Heat the butter and oil in a large pan over medium heat. Add onions and celery, and cook for 5 minutes until tender.

Add the cabbage, carrots, beets, other vegetables if using, tomato paste, vegetable broth, and bay leaves. Cover pot and cook on very low heat for between 60-90 minutes or until vegetables are tender.

Remove bay leaves. Season with salt and pepper to taste.

Ladle hot borscht into bowls and top with a heaping spoon of sour cream. Serve with crusty bread.

Serves 8.

Thursday, January 29, 2009

Creamy Celery Bisque

INGREDIENTS

1 Tbsp butter
3/4 cup diced onion
3/4 cup diced celery
1/2 cup diced carrot
1/2 tsp dried thyme
5 Tbsp white rice
4 cups vegetable broth
1/8 tsp sea salt
1/8 tsp black pepper
1/2 cup cream

DIRECTIONS

Melt butter in medium saucepan over medium high heat. Add onion, celery, and carrot; cook without browning, stirring constantly, 4 minutes or until vegetables are tender. Add thyme and rice; cook 1 minute more.

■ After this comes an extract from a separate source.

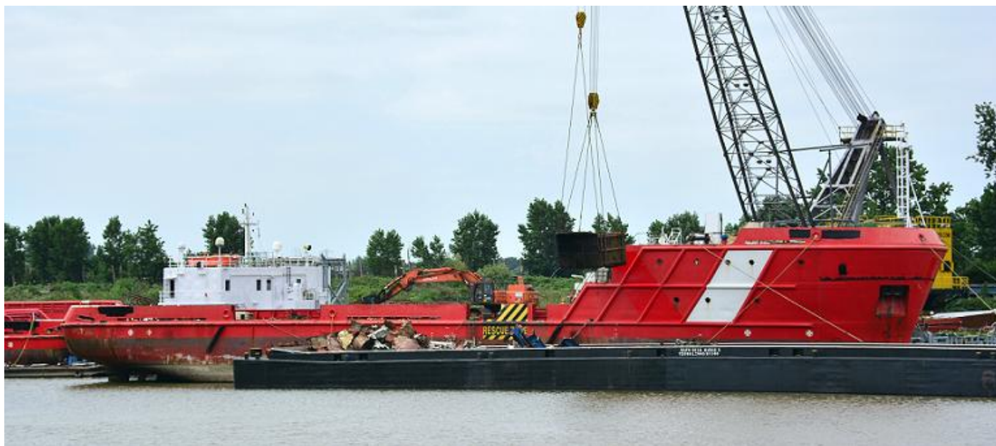
VOS POWER, IMO 9273911, ex POWER EXPRESS, 23-7-2021 te 's-Gravendeel.

TIME OFF, IMO 9882114, Supply Vessel YS5009, 24-6-2021 opgeleverd aan Damen Yachting Charter 1 B.V., Vlissingen, vlag: Marshall Islands (V7A2506) en vertrokken van Antalya naar Vlissingen. 499 GT, 270 DWT. 5-7-2021 vanaf Antalya te Vlissingen. 6-7-2021 proefvaart.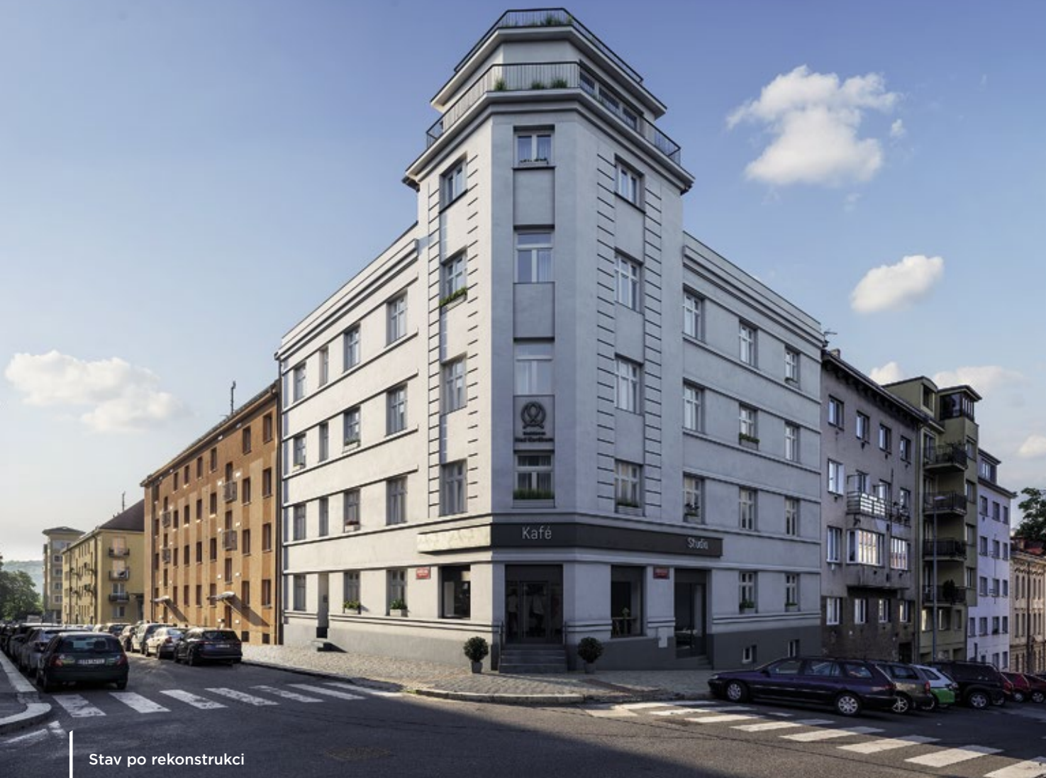
Stav po rekonstrukci

Add broth to saucepan; reduce heat to medium. Cook 15 minutes or until rice is very tender. Season with salt and pepper. Purée mixture in blender with cream; serve immediately.

Make-ahead tip: Recipe can be made 24 hours ahead and refrigerated. When ready to serve, heat in medium saucepan over medium heat for 5 minutes.

Serving tips: Serve with a garnish of croutons, additional diced celery, or a sprinkling of minced herbs.